Sunday, March 12, 2006

Early Modern Zoophilia

I was trying to knot my shoelaces yesterday without getting Lupin the rabbit's whiskers caught in the bow: she was, as ever, right up there with the action, working out what was going on at a hazardous proximity. Then my son and I had to run back from the bus-stop, having seen a red kite circling right over our back garden, where Lupin was roaming around chomping the scenery, as ever (and, we assumed, representing to a kite the living equivalent of a hot pie on a plate). Whether she has enough instinct left after generations of captive breeding to scan the skies for trouble I really doubted. No harm was done.

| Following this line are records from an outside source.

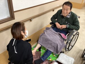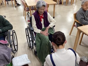 ご入居者が職員と一緒にあやとりをされていました。
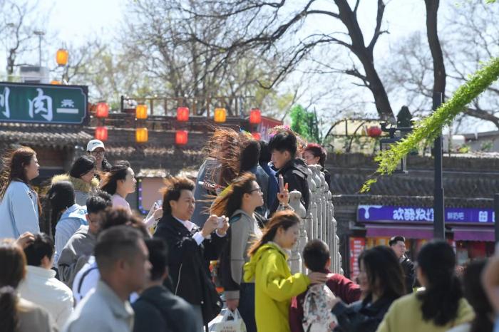 北京市气象台4月5日6时发布天气预报:今天早晨至白天多云转晴,偏北风二级转四级左右(阵风七八级),最高气温19℃。北京青年报记者在什刹海景区看到,目前游船全部停运。
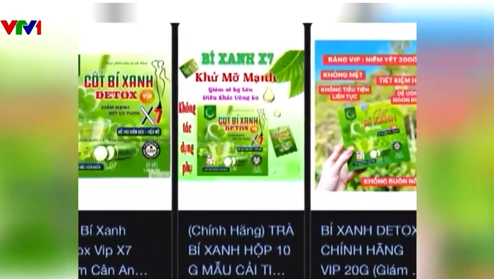 Thực phẩm chức năng giảm cân bệnh nhân sử dụng có tên là " Cốt bí xanh Detox vip X7", dạng bột, hòa tan trong nước, uống như trà, và được quảng cáo là hỗ trợ giảm béo tiêu mỡ. Xét nghiệm loại trà này, phát hiện một loại chất gây chán ăn đã bị cấm sử dụng. Ảnh: VTV

This sense of stupidity in your pet made me think of a lurid 17th century pamphlet I had come across, A true narrative of the proceedings at the sessions-house in the Old-Baily (1677), in which a married woman in her thirties, 'a person of lewd conversation', is charged that 'having not the fear of God before her eyes, nor regarding the order of Nature ... to the disgrace of womankind, did commit ******* with a certain Mungril Dog.' The witnesses against her are two women who are (reading between the lines) quite accustomed to spying her extra-marital adventures through holes in the wall that divides their insalubrious-sounding lodgings. The woman denies it, and with her husband, alleges malice on the part of the witnesses. So the dog is brought into court: 'and being set on the Bar before the Prisoner, owned her by wagging his tail, and making motions as it were to kiss her.' The dog having so completely done the wrong thing, silly boy, she is found guilty. 'Yet cannot the Bearded Sex, though pretending to a stronger reason, justle on this unhappy President upbraid the Weaker Vessels' (the pamphlet continues, rather oddly, but the intended sense is clear enough), as the next case involves a man charged with a similar offence against two mares in a field. He gets off, as the witnesses were 60 yards away, even though he says something highly self-incriminating about having meant no harm. The mares were not brought into court against the man (one supposes that, as females, they would have had to shun their abuser to secure his conviction, while the dog only had to behave like a dog does to convict the woman).